The clutches C1 to C4 and the brakes B1, B2 operate with hydraulic oil supplied thereto and discharged therefrom by the hydraulic control device, not shown. FIG. 3 shows an operation table showing the relation between each shift speed of the automatic transmission 25 and the operating state of the clutches C1 to C4, the brakes B1, B2, and the one-way clutch F1. The automatic transmission 25 attains first to eighth forward speeds and first and second reverse speeds by bringing the clutches C1 to C4, the brakes B1, B2 and the one-way clutch F1 into the states shown in the operation table of FIG. 3. At least one of the clutches C1 to C4 and the brakes B1, B2 may be a meshing engagement element such as a dog clutch.

FIG. 4 is a schematic view schematically showing the ring gear 37 of the second planetary gear mechanism 35, a counter drive gear 41, and a counter driven gear 43. Since the ring gear 37 is an internal gear, teeth of the ring gear 37 are shown by dotted lines. In the figure, arrows represent the rotational direction of each gear during forward traveling. Although only the ring gear 37 is shown in FIG. 4, each gear of the first planetary gear mechanism 30 and the second planetary gear mechanism 35 of the automatic transmission 25 is configured as a helical gear, and meshes with a corresponding gear so that a rightward force in FIG. 4 is applied to the ring gear 37 as the output member during forward traveling.

As shown in FIG. 2, the gear mechanism 40 has: the counter drive gear 41 that is coupled to the ring gear 37 of the second planetary gear mechanism 35 of the automatic transmission 25 via the coupling member 60; the counter driven gear 43 that is fixed to a countershaft 42 extending parallel to the input member 26 of the automatic transmission 25 and that meshes with the counter drive gear 41; a drive pinion gear (final drive gear) 44 formed on (or fixed to) the countershaft 42; and a differential ring gear (final driven gear) 45 that meshes with the drive pinion gear 44 and that is coupled to the differential gear 50. The ring gear 37 and the coupling member 60 are coupled by spline fitting along their entire circumference, and the coupling member 60 and the counter drive gear 41 are coupled by spline fitting along their entire circumference.

As shown in FIG. 4, the counter drive gear 41 and the counter driven gear 43 is configured as helical gears, and mesh with each other so that a radially inward force and a leftward force in FIG. 4 (a force in the direction toward the ring gear 37 of the automatic transmission 25) are applied from the counter driven gear 43 to the counter drive gear 41 during forward traveling. The counter drive gear 41 is rotatably supported via a bearing 61 by a center support 80 fixed to the transmission case 22.

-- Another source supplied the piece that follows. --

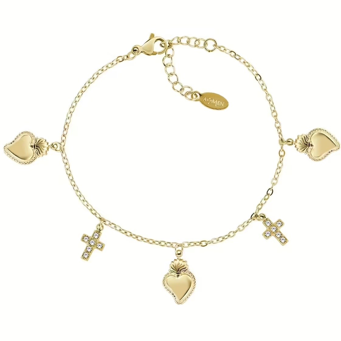 Bracciale donna amen, ACBR818392G, collezione sacro, in acciaio dorato e zirconi, Lunghezza regolabile da 16 cm a 19 cm
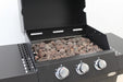 La superficie de asado de la barbacoa Gas Cazorla Roca de Lava es de 58x36,5 cm, brindándote un amplio espacio para preparar una variedad de alimentos a la parrilla. Además, cuenta con una bandeja de acero inoxidable diseñada especialmente para colocar rocas de lava, las cuales distribuyen el calor de manera uniforme y mejoran el sabor de tus comidas.

FIG. 5 is a partial enlarged view showing the counter drive gear 41 and the bearing 61 in the power transmission device 20. The bearing 61 is configured as a double row tapered roller bearing with back-to-back duplex type, and includes: an outer race 62 as an outer ring having an annular shape, coupled at its outer periphery to the inner periphery of the counter drive gear 41, and having two rows of outer ring raceways 63, 64 formed on its inner periphery; an inner race 65 as an inner ring having an annular shape, coupled at its inner periphery to the outer periphery of the center support 80, and having two rows of inner ring raceways 66, 67 formed on its outer periphery; tapered rollers (conical rollers) 68, 69 as two rows of a plurality of rolling elements that roll between the two rows of the outer ring raceways 63, 64 of the outer race 62 and the two rows of the inner ring raceways 66, 67 of the inner race 65; and a cage, not shown, that retains the plurality of tapered rollers 68, 69 so that the tapered rollers 68, 69 do not contact each other in each row. Hereinafter, one of the two rows which is located closer to the ring gear 37 of the automatic transmission 25 is referred to as the first row, and the other located on the opposite side is referred to as the second row.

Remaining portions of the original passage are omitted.